Selever coughed up some blood as he felt the fist smash into his eyes. Tuco shouted out curses and insults as he continued to beat the piss out of him.
“Die you SCUMBAG! YOU THINK YOU'RE FUNNY HUH PUNK? HUH?” He said as he continued to pummel Selever. Gonzo only looked shocked as Hol Horse quickly thought up a plan.
He quickly pulled out his stand: the Emperor and pulled the trigger. The bullet flew to Mista, killing him. Then back at Tuco’s foot. Tuco jumped back while staring daggers into Hol Horse's eyes. He dropped the falling bloody pulp known as Selever and walked towards the cowboy. His hands were covered in blood as he pulled out a fixed blade. The knife is shinier than anything HOL HORSE NEVER KNEW HOLY CRAP!
Hol Horse just grabbed the money and threw it at Tuco. The drug dealer caught it and looked at it for a while. Then turned his eyes to stare at the cowboy.
“What do you want?” Tuco angrily said.
“I want the Swedish fish and the meth,” Hol Horse said bluntly, his voice sounding cold and intimidating like Shrek's as he looked at Tuco's eyes. “Do that and me and Sel will never bother you again. I promise Tuco. That's all I want,”
Tuco grumbled, pulled out a bag of METH AND SWEDISH FISH, and passed it to the cowboy. Who came along and caught it? Putting it in his pocket and saying, “Pleasure doing business with you Mr. Salamanca,”
“Whatever you cowboy f#ck.

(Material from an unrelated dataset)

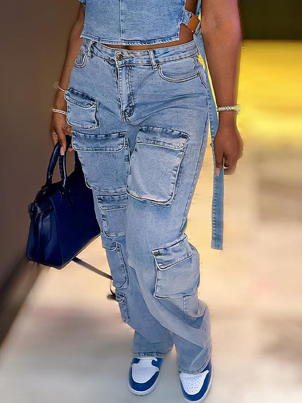 Multi-Bag-Cargojeans im Workwear-Stil mit hoher Elastizität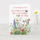 Diese durchdachte Geburtstagskarte ist eine wunderbare Möglichkeit, Ihre zukünftige Schwiegertochter zu feiern. Mit einer zarten Wildblume und Schmetterlingsdesign symbolisiert sie die Wärme und das Glück, die sie mit sich bringt. Im Inneren empfängt Sie eine herzliche Botschaft für einen schönen Geburtstag und ein frohes Jahr. Ein perfekter Weg, um ihr Gefühl willkommen und geschätzt zu machen, wenn sie Teil der Familie wird.

Get out of my sight,” Tuco yelled while stomping the ever-loving shit out of Selever for a minute. “And get this brat out of my sight! You're bothering my dealers!”
Hol Horse nodded and walked over, picking up Selever and leaving a confused Walter and Jesse to see the utter carnage that happened.
All Jesse could say was “WHAT THE HELL HAPPENED?!”
Aftermath:
Jotaro Kujo sighed as he stared at the floor. The stand user has been working for Gustavo Fring’s drug empire for many years. The man sighed, pulling out a cigarette to smoke a little as he heard the news from the back of the Los Pollos Hermanos chicken restaurant. Curiosity got the better of him. So he walked over to see what happened.
He threw away the cigarette as he went inside. It was closing time at the restaurant. Jotaro saw this boss: Gustavo Fring talking with Ruv as they sat near one of the booths.
“My son got beat to a pulp by Tuco Salamanca somehow,” Ruv said with a chuckle as he looked at Gus with a… lustful gaze. No, no it can't be. It can't be! Is that Jotaro's canon event? To find out his boss is doing this with one of his employees. “To be fair, I hated him and wished he'd die. But my future ex-wife is trying to get me to care. So I guess I had to get along though,”
Gus only chuckled and went over to kiss Ruv's cheek.
JOTARO KNEW IT! HE GOD DAMN KNEW IT! THEY WERE DATING! REALLY? THIS IS CANON!? OH GOD!
“Don't worry Ruv… We'll beat all of them,” Gus said softly, “Your family, the Salamancas. They're all going to be gone soon. We will make our empire a reality. Like how that one time I framed someone for tax fraud!”
The End?!
@Dictator Red @TheGuyWhoMakesAnimeArtOrSomething @Babysharkboss2 I don't know why I wrote that weird ass aftermath Imma be honest.